Она, конечно же, права. Дождь действительно ужасный. В джунглях или где-нибудь еще это не выглядело бы столь отвратно, но в северном городе дождь, льющийся из загрязненных туч, совершенно ужасен. Когда пытаешься вымыть что-нибудь нечистое в нечистой же воде, это приводит в отчаяние.
— Он ужасный, знаете ли? — продолжает Инкарнация, рассеянно принимаясь за приготовление первого своего чайничка чаю. — Он так вас принижает. Когда светит солнце? Вы счастливы. Хорошо себя чувствуете. Веселые, знаете? Полны готовности встать и идти. Но когда вот так идет дождь. Все дождь, дождь, дождь. Когда дождь? Вы печальны. Вам грустно. Несчастные, знаете ли? Вы унываете. Проснулись? Дождь. Вышли на улицу? Дождь. А ночами? Дождь. Дождь, дождь, дождь. Как вам развеселиться, как хорошо себя чувствовать, как вы можете быть счастливые и веселые, когда все время этот дождь? Как? Дождь! Все дождь, дождь, дождь.

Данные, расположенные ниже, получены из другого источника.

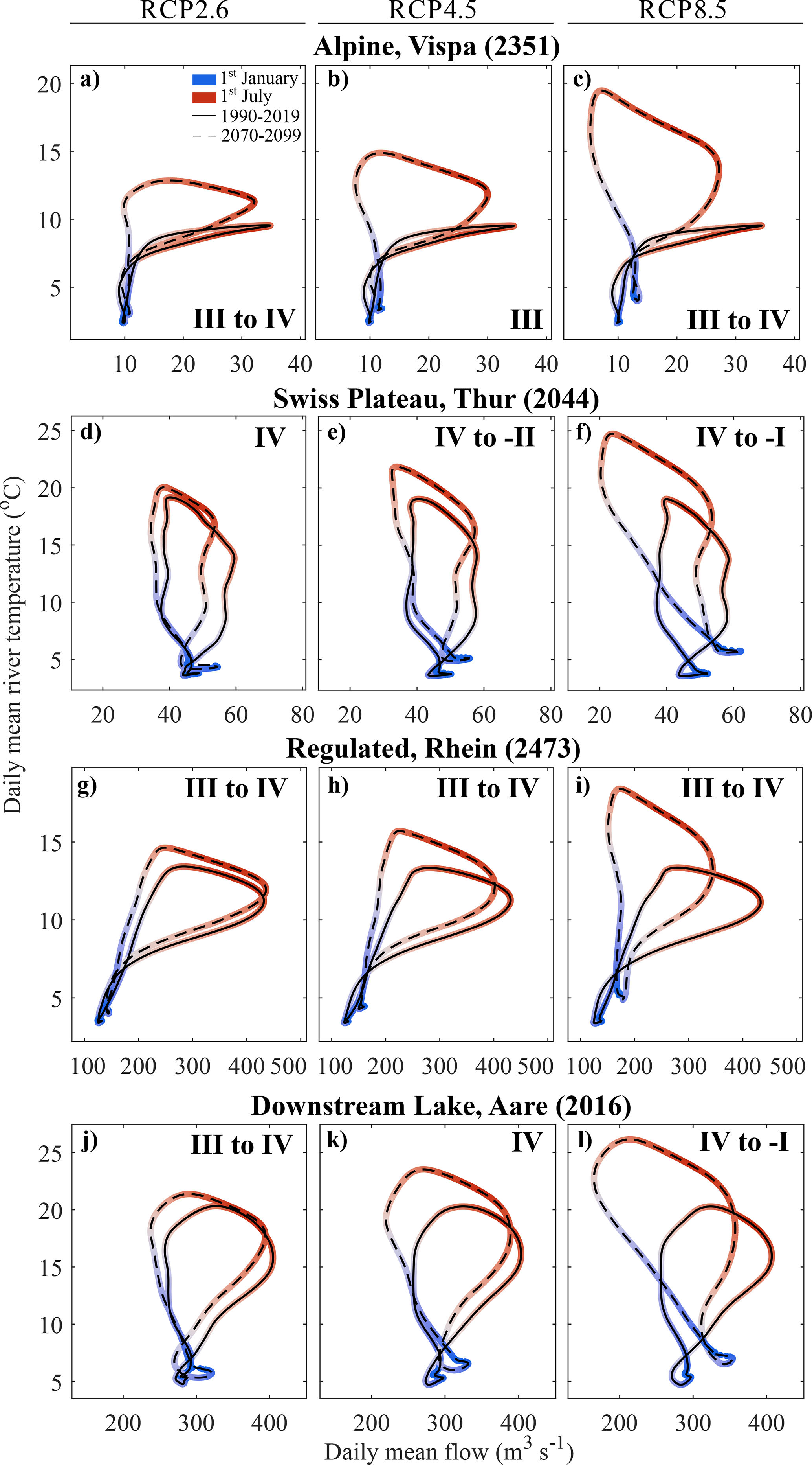 Here, we use Zuecco classes I to IV (Fig. 3, left column), which represent the interaction between flow and water temperature for the cases of datasets starting with low temperature and low flow. However, mainly in the Swiss lowland at the beginning of a year, rivers can display a situation where the temperature is cold (low) and flow is high, followed by a higher temperature in spring combined with less water. This process has been shown to be enhanced by the ongoing climate warming through the shortening or elimination of snow cover and glacial melt (FOEN, 2021; Michel et al., 2020; Van Vliet et al., 2013).

Послушав ее причитания минут десять, я надел шляпу и плащ, вышел на улицу и встал под дождь. Стоять под дождем не то чтобы намного лучше, чем слушать, как твердит о нем Инкарнация, но дождь, по крайней мере, конечен. Все улицы, каждый их уголок, опились дождем, как лягушки. Их багажники до отказа набиты запасными шинами дождя. Их кишки полны дождя.
Наконец-то! О счастливый день!
Позвонила Мисси Хартер. Это случилось часа в три дня, когда на город проливалось очередное море дождя.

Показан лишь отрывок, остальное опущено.